- Animated opening title
- Directed by: Victor Saville
- Written by: István Békeffy (operetta) Angus MacPhail Victor Saville Franz Schulz Robert Stevenson István Szomaházy (novel) Noel Wood-Smith
- Produced by: Michael Balcon
- Starring: Renate Müller Jack Hulbert Owen Nares
- Cinematography: Mutz Greenbaum
- Edited by: Ian Dalrymple Derek N. Twist
- Music by: Paul Abraham
- Production company: Gainsborough Pictures
- Distributed by: Ideal Films
- Release date: 6 December 1931;
- Running time: 80 minutes
- Country: United Kingdom
- Language: English

= Sunshine Susie =

1931 film

Sunshine Susie (also known as The Office Girl) is a 1931 British musical comedy film directed by Victor Saville and starring Renate Müller, Jack Hulbert, and Owen Nares. The film was shot at Islington Studios with sets designed by Alex Vetchinsky. It was based on a novel by István Szomaházy. An alternate German-language version The Private Secretary (1931) was made, also starring Renate Müller. The film established Müller as a star in Britain.

==Synopsis==
A young German woman moves to Vienna to seek work. With the assistance of Herr Hassell, a friendly commissionaire and budding conductor, she gains a job as a typist with a banking firm. Unknown to her, the man she takes to be a lowly clerk with the company who romances her at the local beer garden. is in fact the bank's director.

==Cast==
- Renate Müller as Susie Surster
- Jack Hulbert as Herr Hasel
- Owen Nares as Herr Arvray
- Morris Harvey as Klapper
- Sybil Grove as secretary
- Gladys Hamer as maid
- Daphne Scorer as Elsa
- Barbara Gott as minor role

==Reception==
The film was a big hit and was voted the best British film of 1932. Its theme song "Today I Feel So Happy" also became a major hit.

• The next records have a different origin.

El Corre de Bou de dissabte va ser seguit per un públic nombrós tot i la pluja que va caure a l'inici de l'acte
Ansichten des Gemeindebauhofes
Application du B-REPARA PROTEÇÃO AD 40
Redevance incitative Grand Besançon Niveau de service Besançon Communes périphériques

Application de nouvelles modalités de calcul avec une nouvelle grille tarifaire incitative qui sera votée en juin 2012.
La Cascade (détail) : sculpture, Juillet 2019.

Kine Weekly wrote: "A bright, joyous British musical comedy which moves at an easy swing and allows romance, humour, and song to blend in happy proportions. Although the team work is great, it is Jack Hulbert, in a comedy characterisation, who is the hit of the show. He holds it together, and sees that the entertainment seldom flags."

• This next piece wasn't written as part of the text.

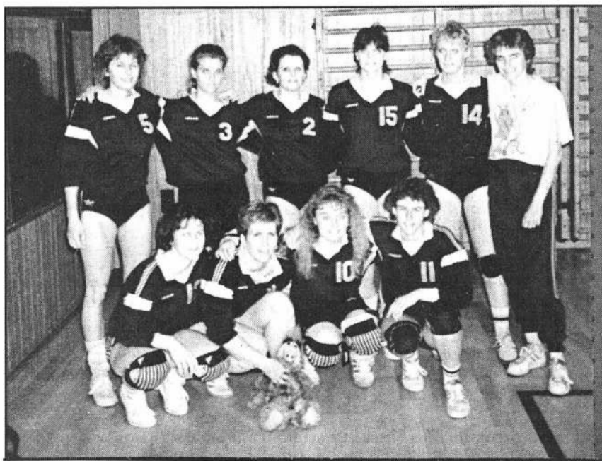
HEUREUSES - Les filles du NUC II ont bien mérité la promotion.

The New York Times wrote that the film was "not up to the mark set by the Teutonic work, for the studio acoustics appear to be faulty and in several sequences the director, Victor Saville, has failed to have his scenes as adequately lighted," although the reviewer praised the work of Jack Hulbert and Owen Nares, concluding that "Both give clever performances, the result being that this Gainsborough feature makes for quite a good hour or so of entertainment."

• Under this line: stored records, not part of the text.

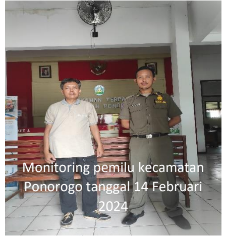
Monitoring pemilu kecamatan Ponorogo tanggal 14 Februari 2024
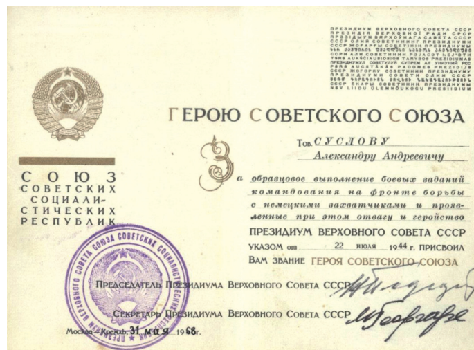
Удостоверение Героя Советского Союза
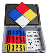
028-030-009 Feu Diamant (NFPA) le kit magnétique
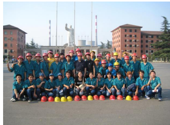
学生赴中国一拖集团生产实习
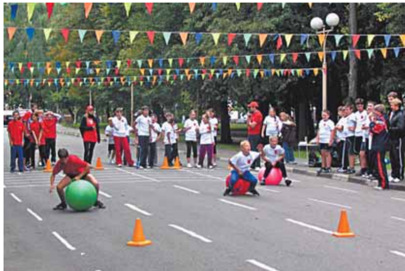
Досуговая и социально-воспитательная работа с населением по месту жительства

Переданные муниципалитету безвозмездное пользование нежилые помещения, по результатам проведенного конкурса программ по закреплению за некоммерческими организациями (НКО) нежилых помещений, предназначенных для ведения работы с населением по месту жительства, были закреплены за досуговыми центрами АНО «Фантазия» и АНО ДЭЦ «ОКО» с заключением договоров социального заказа (АНО «Фантазия» — помещения по адресам: ул. Л. Чайкиной, д. 4, корп. 1; Шибашевский пр., д. 5; ул. С. Вургуна, д. 1; АНО ДЭЦ «ОКО» — помещение по адресу: ул. 8 Марта, д. 9).

The Motion Picture Herald praised the film as having "a sparkle in every foot."

==Other film versions==
- Tales of the Typewriter (December 1916, Hungary, directed by Alexander Korda)
- The Private Secretary (January 1931, Germany, directed by Wilhelm Thiele)
- Dactylo (April 1931, France, directed by Wilhelm Thiele)
- The Private Secretary (July 1931, Italy, directed by Goffredo Alessandrini)
- The Private Secretary (December 1953, West Germany, directed by Paul Martin)

==Bibliography==
- Bergfelder, Tim & Cargnelli, Christian. Destination London: German-speaking emigrés and British cinema, 1925–1950. Berghahn Books, 2008.
- Shafer, Stephen C. British Popular Films, 1929-1939: The Cinema of Reassurance. Routledge, 1997.